Ecco il nuovo commento alla sentenza della Corte di Cassazione n. 46376/19

La registrazione dell’utenza cellulare in siti internet di un soggetto in assenza di consenso dell’interessato, requisito previsto in via generale dall’art. 6 del GDPR, costituisce condotta che, se compiuta al fine di trarre per sé o per altri profitto ovvero di arrecare danno all’interessato, e arreca nocumento all’interessato, integra il reato di illecito trattamento di dati personali.

Questa è la conclusione alla quale perviene la sentenza n. 46376/19 emessa dalla Corte di Cassazione, sez. III penale, depositata il 14 novembre 2019.

I fatti, dai contorni apparentemente “boccacceschi”, sono i seguenti: una donna registrava un annuncio in una “chat” erotica, inserendo il numero del cellulare in uso ad altra persona, senza il consenso di quest’ultima, invitando gli utilizzatori di tale sito a contattare la detta utenza telefonica per ottenere prestazioni sessuali.

Il Tribunale di Caltanissetta condannava l’imputata alla pena (sospesa) di mesi nove di reclusione ed al risarcimento dei danni in favore della parte civile, per il reato di trattamento illecito di dati personali, di cui all’art. 167 D.Lgs. n. 196 del 2003 (Codice in materia di protezione dei dati personali).

La Corte d’appello della medesima città confermava la sentenza di primo grado.

Il successivo ricorso proposto avanti alla Corte di Cassazione viene dichiarato inammissibile “perché basato su una doglianza di merito che costituisce la mera riproduzione di un rilievo critico già esaminato e motivatamente disatteso dai giudici del merito”.

Il Supremo Collegio, tuttavia, rileva l’intervenuta modifica del precitato art. 167, a seguito dell’entrata in vigore del D.Lgs. n. 101 del 2018, affermando la perdurante rilevanza penale della condotta contestata, anche per la nuova ipotesi incriminatrice.

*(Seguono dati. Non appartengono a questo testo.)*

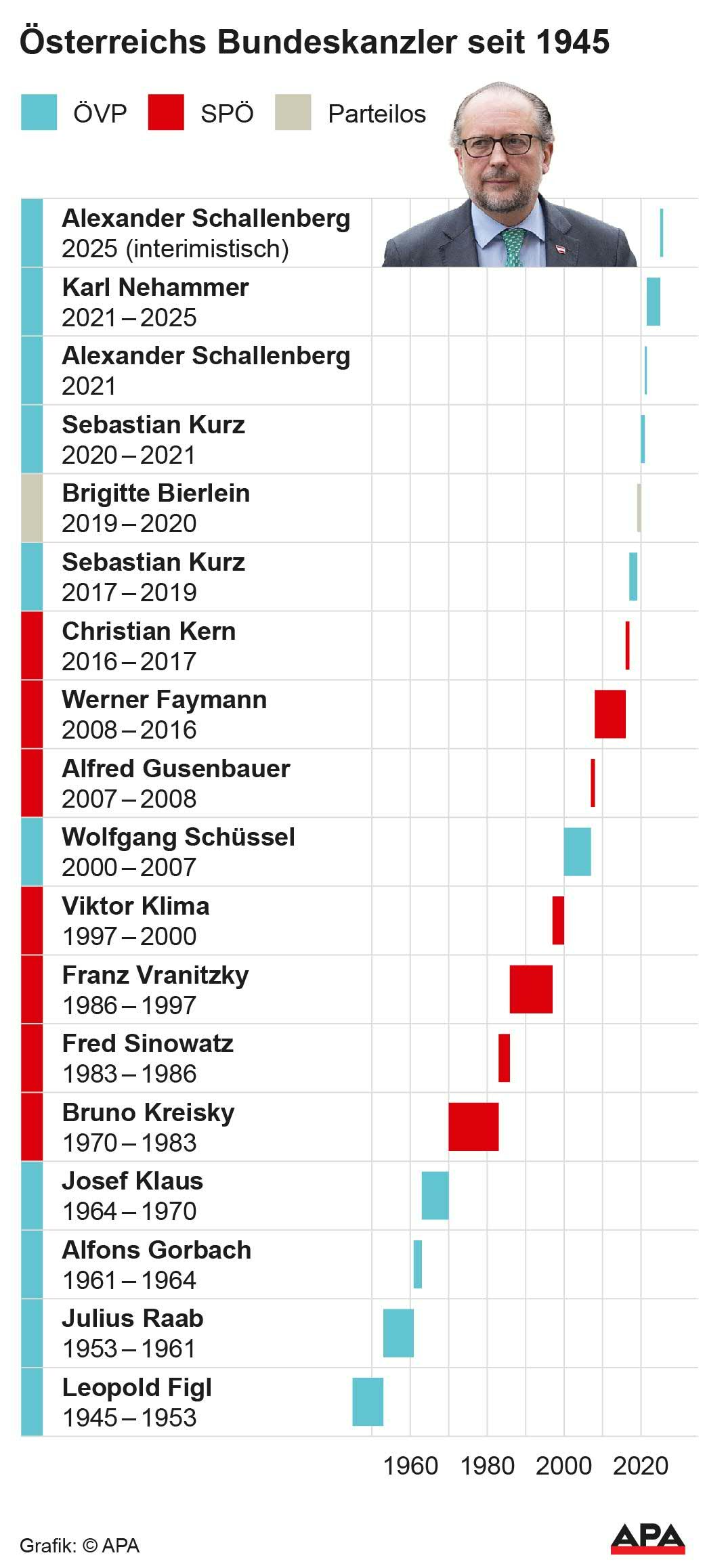 Es ist Schallenbergs zweite Amtszeit an der Regierungsspitze. Schon 2021 hatte er gut zwei Monate als Bundeskanzler gedient - nämlich zwischen dem Rückzug von Sebastian Kurz und der Installierung von Nehammer, dessen Vorgänger und Nachfolger er damit in einem ist.

Infatti, il citato decreto consente il trattamento dei dati personali relativi al traffico, ricomprendente il numero dell’utenza cellulare di un soggetto, “…unicamente a persone che… risultano autorizzate al trattamento e che operano sotto la diretta autorità del fornitore del servizio di comunicazione elettronica accessibile al pubblico o, a seconda dei casi, del fornitore della rete pubblica di comunicazioni e che si occupano della fatturazione o della gestione del traffico, di analisi per conto di clienti, dell’accertamento di frodi, o della commercializzazione dei servizi di comunicazione elettronica o della prestazione dei servizi a valore aggiunto…”.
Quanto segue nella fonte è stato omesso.